* DIRECTIONS: Beginning at the line containing "Cookinglife Frying Pan", give again every line through the end of the data, unchanged and with both ends included. Drop any pictures.

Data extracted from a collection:
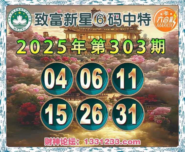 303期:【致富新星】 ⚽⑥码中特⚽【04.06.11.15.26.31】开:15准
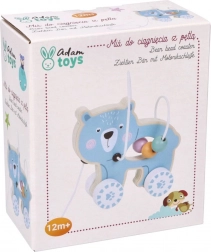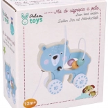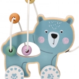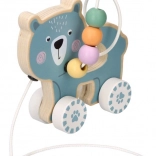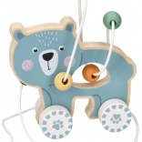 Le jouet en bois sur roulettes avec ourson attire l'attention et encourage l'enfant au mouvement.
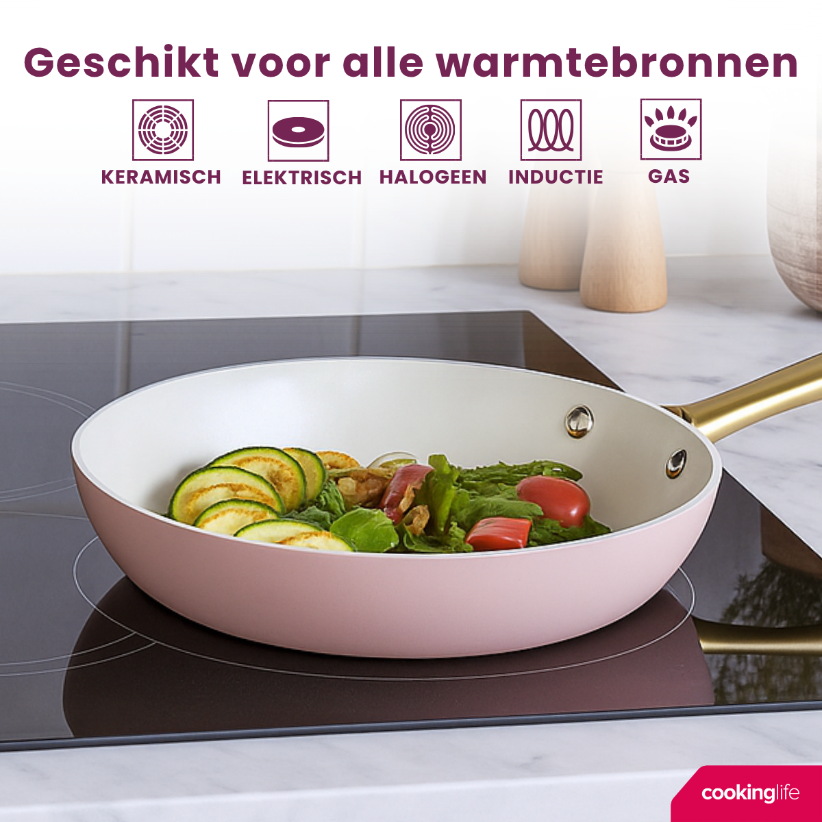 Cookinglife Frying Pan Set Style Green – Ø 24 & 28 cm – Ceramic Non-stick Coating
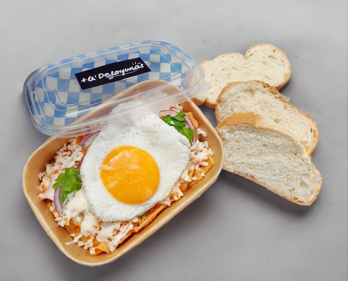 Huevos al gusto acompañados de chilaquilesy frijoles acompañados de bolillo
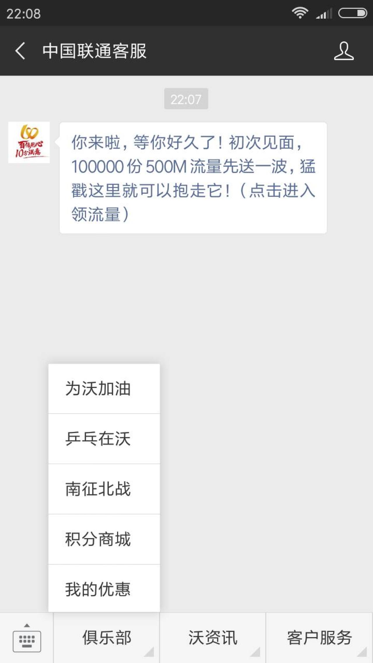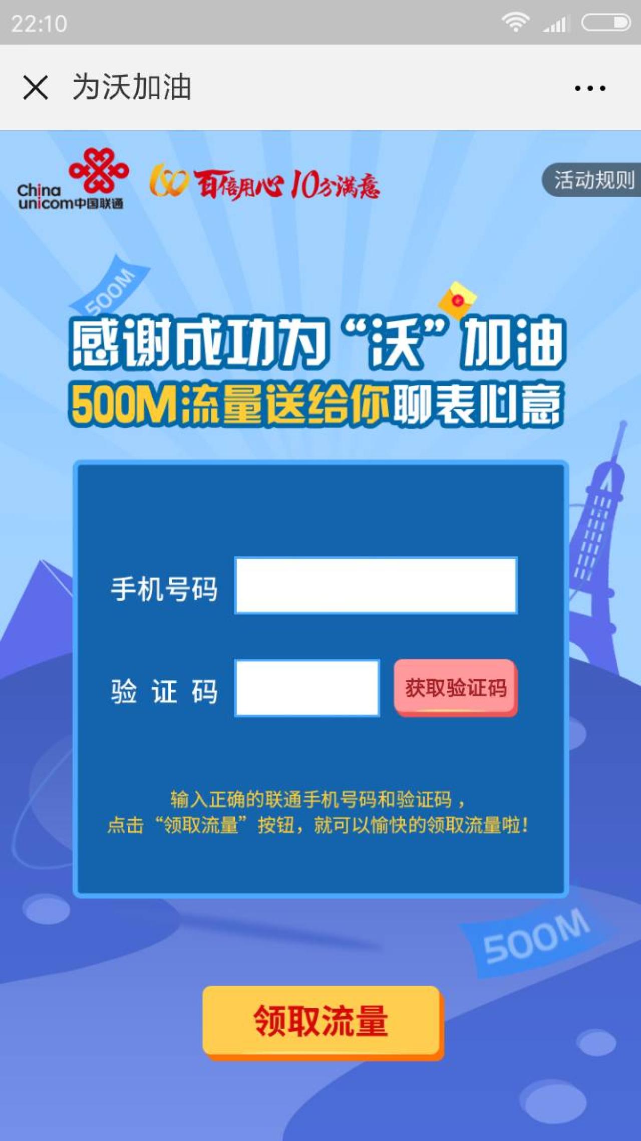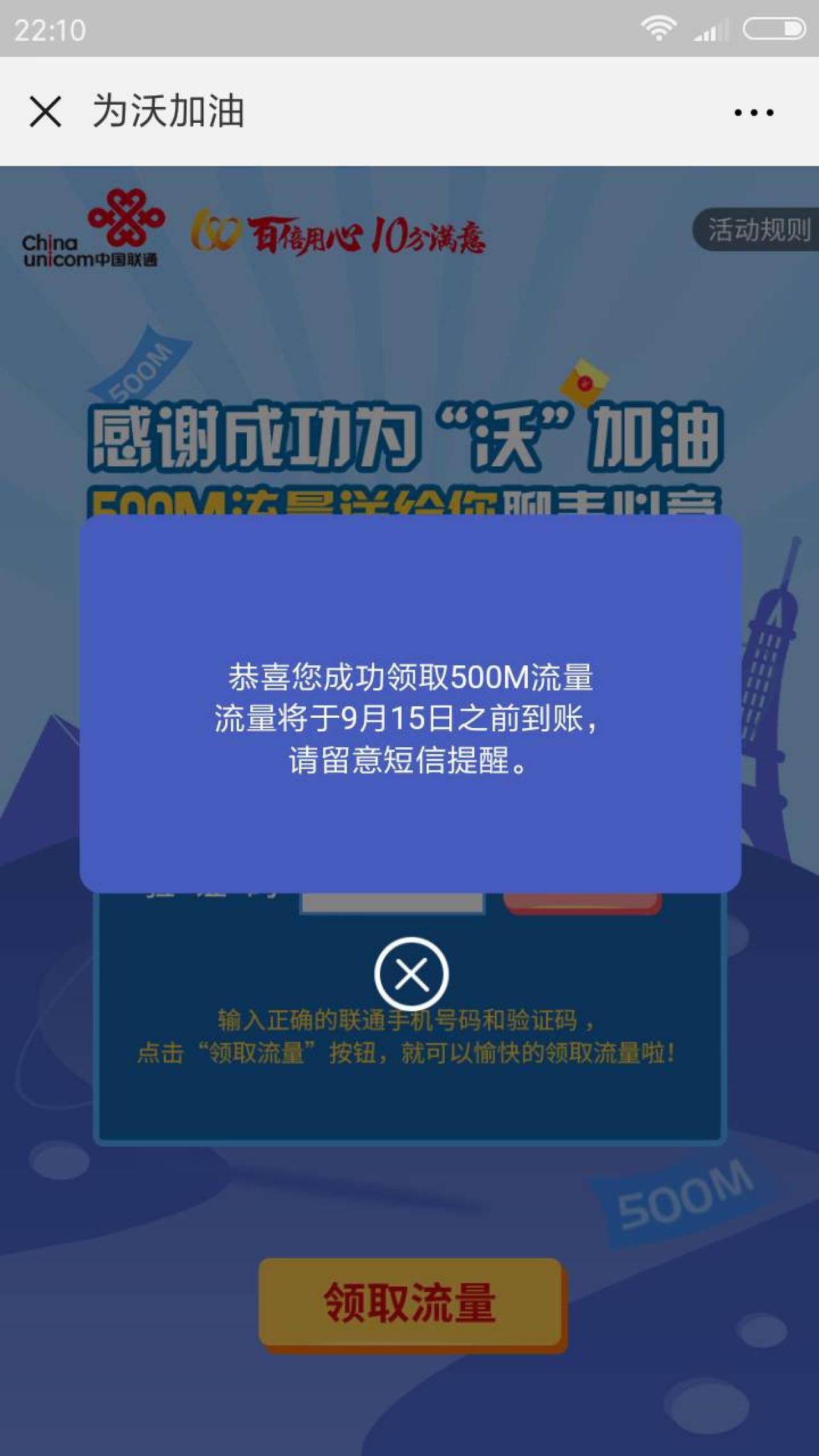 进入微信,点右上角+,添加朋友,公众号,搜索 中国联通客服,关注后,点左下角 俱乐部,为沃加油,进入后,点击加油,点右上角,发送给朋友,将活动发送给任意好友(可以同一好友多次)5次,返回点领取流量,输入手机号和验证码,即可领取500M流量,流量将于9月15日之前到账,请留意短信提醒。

* FINISHED EXERCISE:
 Cookinglife Frying Pan Set Style Green – Ø 24 & 28 cm – Ceramic Non-stick Coating
 Huevos al gusto acompañados de chilaquilesy frijoles acompañados de bolillo
 进入微信,点右上角+,添加朋友,公众号,搜索 中国联通客服,关注后,点左下角 俱乐部,为沃加油,进入后,点击加油,点右上角,发送给朋友,将活动发送给任意好友(可以同一好友多次)5次,返回点领取流量,输入手机号和验证码,即可领取500M流量,流量将于9月15日之前到账,请留意短信提醒。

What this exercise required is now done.